Художник подлетел и схватил Катю в охапку. Она не сопротивлялась. Он стал осыпать ее лицо жгучими, страстными поцелуями. А она плакала все больше и больше. Дождь превратился в град. Его сердце разрывалось о жалости к ней. И от любви. Страсть с новой силой зажгла их души. Алексей распахнул халат и стал осыпать поцелуями ее плечи, грудь, живот…Сорвал с нее розовые в цветочек трусики. Он так соскучился по ее телу. Она затрепетала. Румянец снова проступил на ее щеках. Он торопливо расстегнул ширинку и подсел под нее…
Потом они перешли в зал.
Это был безумный секс! Они наслаждались друг другом, растворяясь без остатка в партнере. Неистовое сплетение рук, ног, безумные ласки. Любовные крики, вздохи…
Отрезвил их дверной звонок. Они абсолютно голые застыли на диване. Рудаков не вышел из нее.
– Это Антон, – сказала она. – Не будем открывать дверь.
– Конечно, нет, он нам не нужен. Тем более, я еще не насладился тобой, котенок.
Он снова начал «простые движенья» под аккомпанемент звонка.
… Они лежали расслабленные и пьяные от счастья. Рудаков забыл все на свете. И ему в данный момент ничего не надо было, кроме Кати.
– Я думал: «все!», когда уходил. Я не мог поверить, что потерял тебя навсегда.
– Испугался? – засмеялась счастливая Катя.
– Конечно.
– Я трезво понимала, что с тобой у меня жизнь может сложиться непросто и непредсказуемо. Или вообще не сложится. С Антоном стабильнее. Он меня любит, но я его не люблю. Я к своему несчастью помешена на человеке на семнадцать лет старше себя и к тому же мафиози. Я, наверно, по натуре – жена декабриста, я старомодна, я не похожа на современных девиц, кто живет с мужиками ради денег. Я так воспитана. Любить так одного и навеки.
– Спасибо твоим родителям. Правильно тебя воспитали. Кстати, я их не разу не видел, только по фотографиям. Пора познакомиться.

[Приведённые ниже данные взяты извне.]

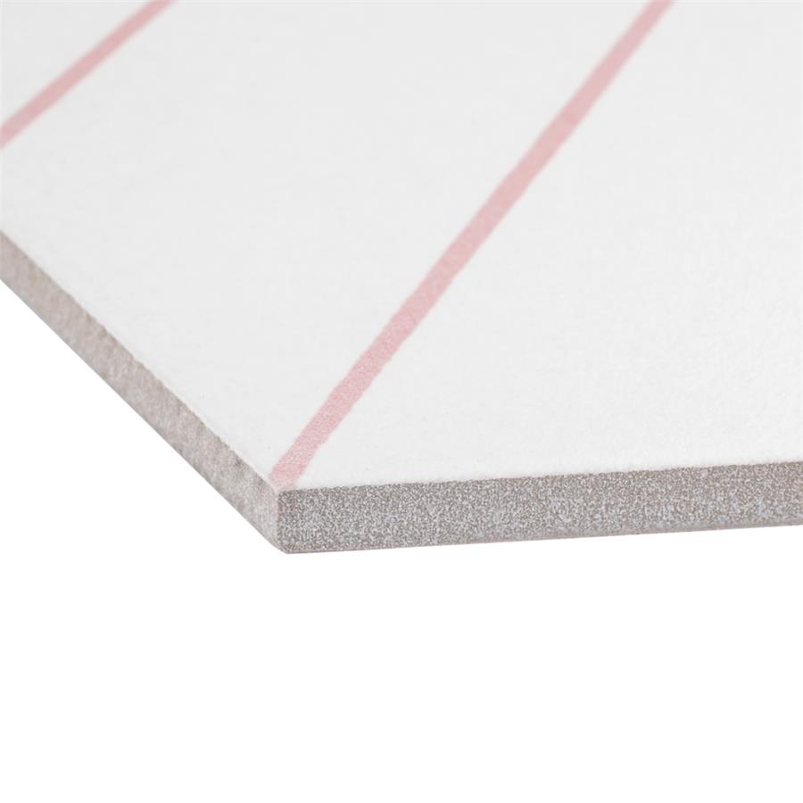 Our Porto Savona Hex Rose 8-5/8 in. x 9-7/8 in. Porcelain Floor and Wall Tile features a snow white color tone accented with thin faded light pink lines extending across the tile. This mesmerizing tile pattern is sure to liven up your space and give it a modern spin. Its geometric shape is unique yet simplistic enough to integrate into any design, ranging from traditional style renovations to modern home projects. The medium-sheen glazed surface offers a sleek look that adds extra character to this unique artistic tile. Its impervious, frost resistant and durable features make this an ideal tile for both commercial and residential indoor and outdoor use, including backsplashes, bathrooms, kitchens and patios. This tile is a perfect choice on its own or coordinate with other products in the Porto series.Tile is the better choice for your space. This tile is made from natural ingredients, making it a healthy choice as it is free from allergens, VOCs, formaldehyde and PVC.

– Пока не надо. Они неоднозначно к тебе относятся. Им Антон нравится положительный, добрый…
– Пусть нравится. Мне с тобой жить, а не с ними. Если говоришь, ты – жена декабриста, то значит, от меня ты некогда не отвернешься и будешь со мной? И из тюрьмы ждать?
– Типун тебе на язык.
Они снова поцеловались.
– Я постоянно думала о тебе, представляла нашу встречу. Как тебе буду отповедь давать, что говорить. Старалась тебя разлюбить, хотела окончательно порвать с тобой. Но ты не выходишь из головы. Взяла, открывала дверь, дурочка. И опять впустила тебя в свою душу. Наверно, люблю тебя, глупая.
– И я не могу без тебя.
* * *
Вот эта улица, вот этот дом. Обыкновенная панельная пятиэтажка. Чуть постаревшая, с трещинами на стене и просевшая. В этом доме, на третьем этаже когда-то жил его одноклассник по девятой школе Анатолий Шишев. Часто Рудаков приходил к Анатолию, попить чай, послушать на катушечном магнитофоне «Комета» записи с популярными тогда группами «Чингис-хан» и «Фэнси». После окончания школы Анатолий поступил на автодорожный факультет в Красноярский политехнический институт, а Алексей, не выдержав конкурс в Горьковский институт иностранных языков, оформился рабочим в геофизическую экспедицию – помог отец Виталия Моисеева, он там работал.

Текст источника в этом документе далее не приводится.